Il y a un nœud qui me hante, celui de la cohérence. Je voudrais avancer tout droit, mais tout déborde. On me pousse à consommer sans mesure, tout en me sommant d’assumer seule la responsabilité de mes contradictions. Suis-je légitime de tenir des discours grandiloquents lorsque je ne parviens pas à incarner mes idéaux? Je tente d’être à la hauteur mais mon humanité me rattrape. Mon manque d’exemplarité est-il immoralité? Cela finit par me décourager. J’en viens même à me demander: peut-on encore s’engager quand la moindre erreur semble suffire à nous disqualifier?
Une injonction transparaît celle du Zéro défaut. Pour s’engager il faudrait être parfait. Une cohérence absolue serait attendue dans les milieux militants; une précaution indispensable pour ne pas offrir aux adversaires de l’activisme des raisons de discréditer les causes. Mais comment être irréprochable?
Vous me direz que la cohérence reste nécessaire pour plusieurs raisons. Dans le cas de la cause écologique, chaque solution demande une retenue dans les modes de consommation. Ainsi, l’adoption de grands discours exige que les actes suivent. Si l’humanité entière transformait ses modes de consommation, l’action individuelle induirait un véritable changement à l’échelle globale. Mais lorsque la consommation d’une poignée d’individus au pouvoir excède celle des deux tiers de la planète, le poids de la responsabilité ne peut uniquement reposer sur les épaules des particuliers. Face à une cause aussi complexe, exiger du faible pourcentage qui entend et soutient la cause, l’irréprochabilité d’une vie quasi-ascétique ne ferait que réduire les rangs militants.
C’est ici que naît la pureté militante. Elle réclame des attitudes sans failles, l’injonction du zéro défaut devient une norme interne qui dépasse l’exigence morale pour se muer en pression politique: une véritable nuisance au sein groupes militants.
Une machine se met en place, celle de la tyrannie de la perfection. C’est là que réside le problème, la pureté devient critère de légitimité. La question n’est plus d’ordre moral tant elle se transforme en posture. On n’agit plus pour la cause, mais pour être digne; la cohérence se performe à l’image d’un capital symbolique dans un rapport parfois narcissique à l’engagement.
Chacun scrute l’autre pour vérifier qu’il correspond au standard. Gare à celui qui ne boycotte pas! Peu à peu, se fabrique un climat de silence et d’auto-censure dans un milieu qui ne pardonne pas. Les contradictions de chacun se transforment en fautes, et les fautes en des preuves.

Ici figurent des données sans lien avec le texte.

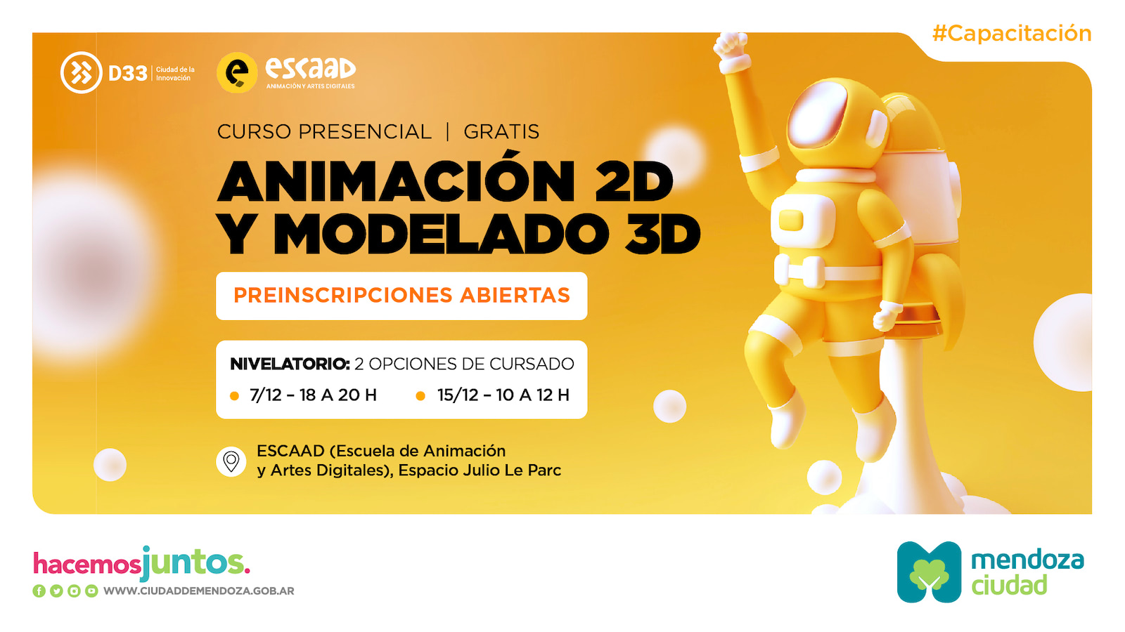 La Municipalidad de la Ciudad de Mendoza junto a la Escuela de Animación y Artes Digitales (ESCAAD) se unen para llevar a cabo una novedosa capacitación en Animación 2D y Modelado 3D, totalmente gratuita.

Le comble est de demander la pureté à ceux-là même qui portent réellement la cause. Ainsi on surveille les engagés, tandis que les principaux destructeurs, eux, échappent à tout examen moral. La pureté militante frappe les convaincus, tandis que ceux qui agitent des imaginaires d’effacement ou de “grand remplacement” ne sont jamais priés d’être cohérents avec leurs propres contradictions. La cohérence parfaite relève alors d’une absurdité structurelle, qui pèse sur les épaules de ceux qui tentent de réparer ceux que d’autres s’emploient à détruire. Dès lors, l’injonction du zéro défaut conduit fatalement à zéro engagement. Cet impératif amène inexorablement à un scepticisme. La perfection paralyse l’action, s’il faut être irréprochable pour agir personne n’agit.
La Gazelle, elle agit par ses mots, ses failles et ses voix. Nous ne recherchons ni la pureté militante ni la neutralisation du politique. Nous faisons le choix d’une parole réfléchie, analytique, qui accepte la complexité plutôt que de demander l’exemplarité. Les textes que vous lirez ne prétendent pas à la cohérence parfaite, ils explorent, analysent et se contredisent parfois. Ici nos contributeurs peuvent se risquer, car l’imperfection n’est pas un défaut mais condition d’existence de la pensée. J’aurai pu vous écrire un éditorial poétique sur le néant et le vide, mais je préfère l’imperfection de mes mots pour mieux vous surprendre par un propos mesurement engagé.
Notre zéro n’est pas un seuil de perfection, c’est une brèche, un recommencement, un endroit où l’on se déleste de la pureté pour retrouver la possibilité d’agir.